By and by, after a rugged climb, we halted on the summit of a
hill which commanded a far-reaching view. The moon rose and
flooded mountain and valley and ocean with a mellow radiance, and
out of the shadows of the foliage the distant lights of Honolulu
glinted like an encampment of fireflies. The air was heavy with
the fragrance of flowers. The halt was brief.—Gayly laughing and
talking, the party galloped on, and I clung to the pommel and
cantered after. Presently we came to a place where no grass
grew—a wide expanse of deep sand. They said it was an old battle
ground. All around everywhere, not three feet apart, the bleached
bones of men gleamed white in the moonlight. We picked up a lot
of them for mementoes. I got quite a number of arm bones and leg
bones—of great chiefs, may be, who had fought savagely in that
fearful battle in the old days, when blood flowed like wine where
we now stood—and wore the choicest of them out on Oahu
afterward, trying to make him go. All sorts of bones could be
found except skulls; but a citizen said, irreverently, that there
had been an unusual number of “skull-hunters” there lately—a
species of sportsmen I had never heard of before.
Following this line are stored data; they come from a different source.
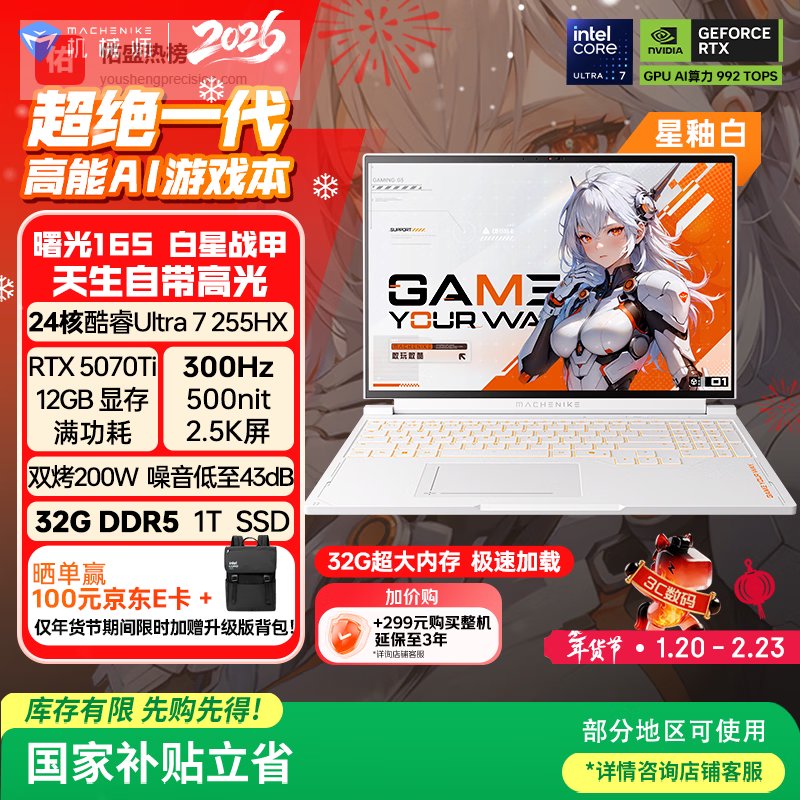 【京东自营】机械师曙光16SUltra星釉白【300Hz屏】16英寸AI游戏本笔记本电脑国家补贴¥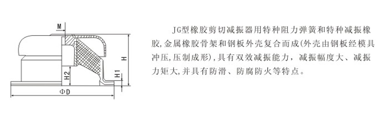 JG型橡胶剪切减振器用特种阻力弹簧和特种减振橡胶,金属橡胶骨架和钢板外壳复合而成(外壳由钢板经模具冲压,压制成形),具有双效减振能力,减振幅度大、减振力矩大,并具有防滑、防腐防火等特点。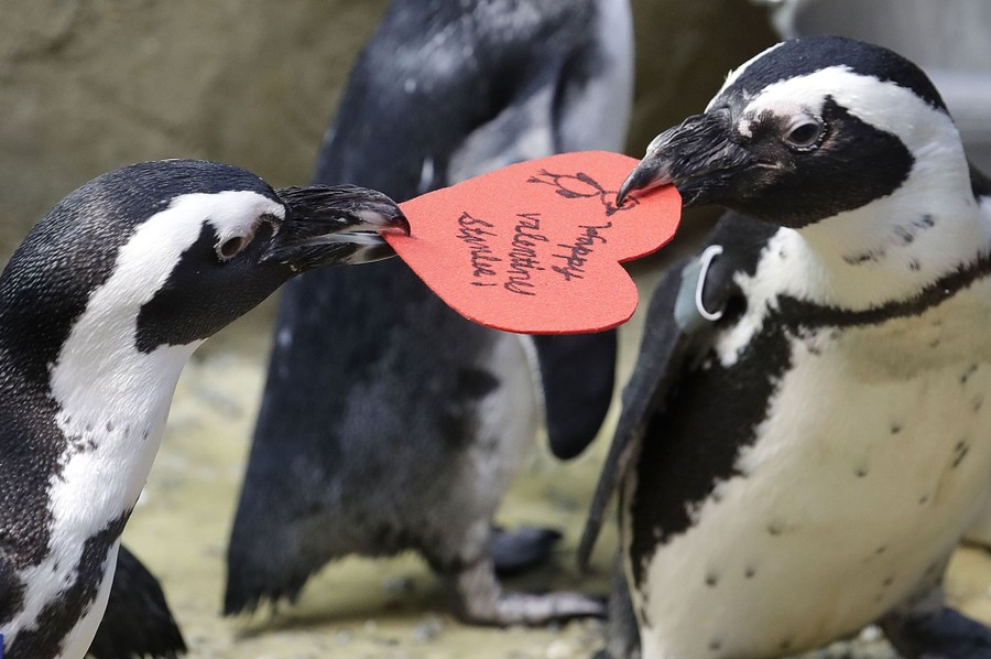 Read moreAfrican penguins compete for a heart-shaped valentine handed out by the aquarium biologist Piper Dwight at the California Academy of Sciences in San Francisco on February 12, 2019. #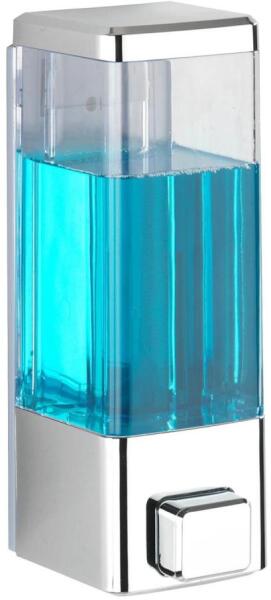 Elegáns szappan- és fertőtlenítőszer-adagoló modern krómozott kivitelben. Sokoldalú használat: folyékony szappanhoz, kézfertőtlenítőhöz, samponhoz, tusfürdőhöz vagy testápolóhoz. Kényelmes, 320 ml-es kapacitás a mindennapi használathoz a fürdőszobában vagy a WC-n. Egyszerű adagolás egyetlen gombnyomással. Nem csöpög, így tisztán tartja a mosdókagylót és a zuhanyt. Áttetsző tartály a maradék töltet egyszerű ellenőrzéséhez. Kiváló minőségű műanyagból készült a hosszú élettartam érdekében. Könnyen tisztítható és egyszerűen utántölthető. Fúrás nélküli felszerelés a mellékelt kétoldalas ragasztószalaggal. A csomag tartalmaz csavarokat és tipliket a hagyományos felszereléshez. Kompakt méretek: szélesség 6 cm, magasság 18,5 cm, mélység 7,5 cm. Mindössze 168 g könnyű súly a könnyű kezelhetőségért. Istres sorozat – stílusos megoldás a modern fürdőszobához.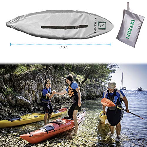 LI LIBZAKI LIBZAKI 12.3-13.5ft Waterproof Kayak Cover-300D Storage Dust Cover UV Protection Sunblock Shield for Fishing Boat/Kayak/Canoe -L, Suitable for 12.3-13.5ft kayak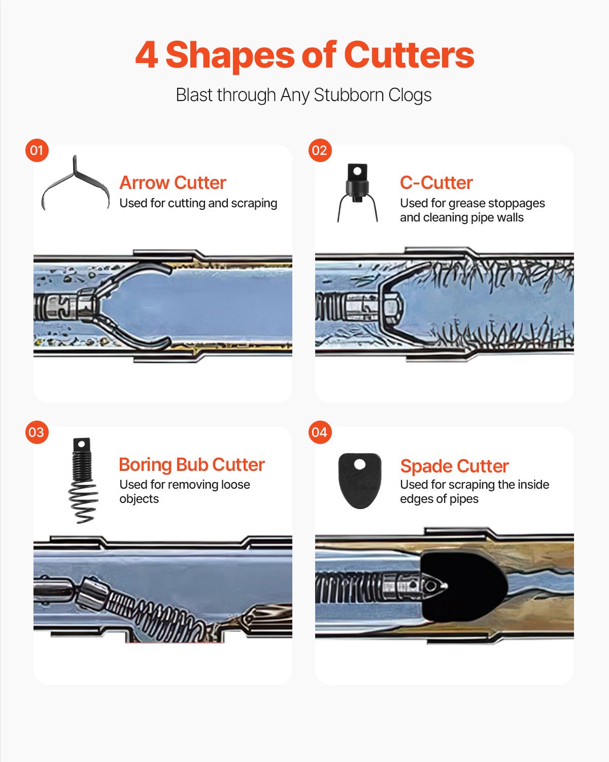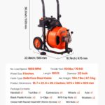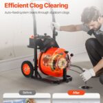 Drain Cleaner Machine 100 FT X 1/2 Inch, Auto Feed Sewer Snake Auger On Wheels, Portable Drain Cleaning Machine With 4 Cutters & Air-activated Foot Switch For 2″ To 6″ Pipes
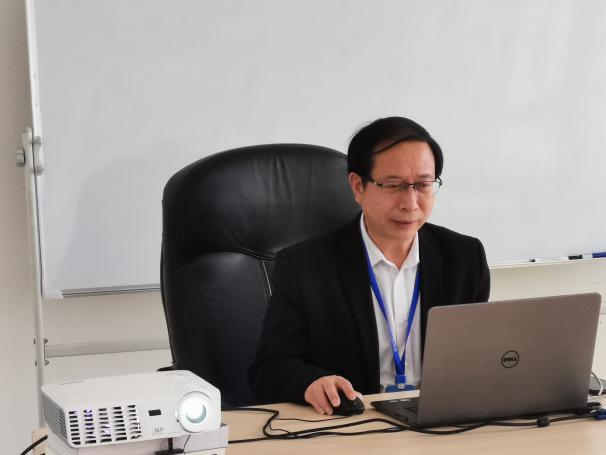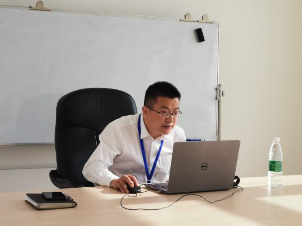 圖為技術(shù)總監(jiān)張雙全和副總監(jiān)朱鵬飛作線上產(chǎn)品培訓(xùn)

Nothing whatever is known about this place—its story is a
secret that will never be revealed. The oldest natives make no
pretense of being possessed of its history. They say these bones
were here when they were children. They were here when their
grandfathers were children—but how they came here, they can only
conjecture. Many people believe this spot to be an ancient
battle-ground, and it is usual to call it so; and they believe
that these skeletons have lain for ages just where their
proprietors fell in the great fight. Other people believe that
Kamehameha I. fought his first battle here. On this point, I have
heard a story, which may have been taken from one of the numerous
books which have been written concerning these islands—I do not
know where the narrator got it. He said that when Kamehameha (who
was at first merely a subordinate chief on the island of Hawaii),
landed here, he brought a large army with him, and encamped at
Waikiki. The Oahuans marched against him, and so confident were
they of success that they readily acceded to a demand of their
priests that they should draw a line where these bones now lie,
and take an oath that, if forced to retreat at all, they would
never retreat beyond this boundary. The priests told them that
death and everlasting punishment would overtake any who violated
the oath, and the march was resumed. Kamehameha drove them back
step by step; the priests fought in the front rank and exhorted
them both by voice and inspiriting example to remember their
oath—to die, if need be, but never cross the fatal line. The
struggle was manfully maintained, but at last the chief priest
fell, pierced to the heart with a spear, and the unlucky omen
fell like a blight upon the brave souls at his back; with a
triumphant shout the invaders pressed forward—the line was
crossed—the offended gods deserted the despairing army, and,
accepting the doom their perjury had brought upon them, they
broke and fled over the plain where Honolulu stands now—up the
beautiful Nuuanu Valley—paused a moment, hemmed in by
precipitous mountains on either hand and the frightful precipice
of the Pari in front, and then were driven over—a sheer plunge
of six hundred feet!
The story is pretty enough, but Mr. Jarves’ excellent history
says the Oahuans were intrenched in Nuuanu Valley; that
Kamehameha ousted them, routed them, pursued them up the valley
and drove them over the precipice. He makes no mention of our
bone-yard at all in his book.
Impressed by the profound silence and repose that rested over
the beautiful landscape, and being, as usual, in the rear, I gave
voice to my thoughts. I said:
“What a picture is here slumbering in the solemn glory of the
moon! How strong the rugged outlines of the dead volcano stand
out against the clear sky! What a snowy fringe marks the bursting
of the surf over the long, curved reef! How calmly the dim city
sleeps yonder in the plain! How soft the shadows lie upon the
stately mountains that border the dream-haunted Mauoa Valley!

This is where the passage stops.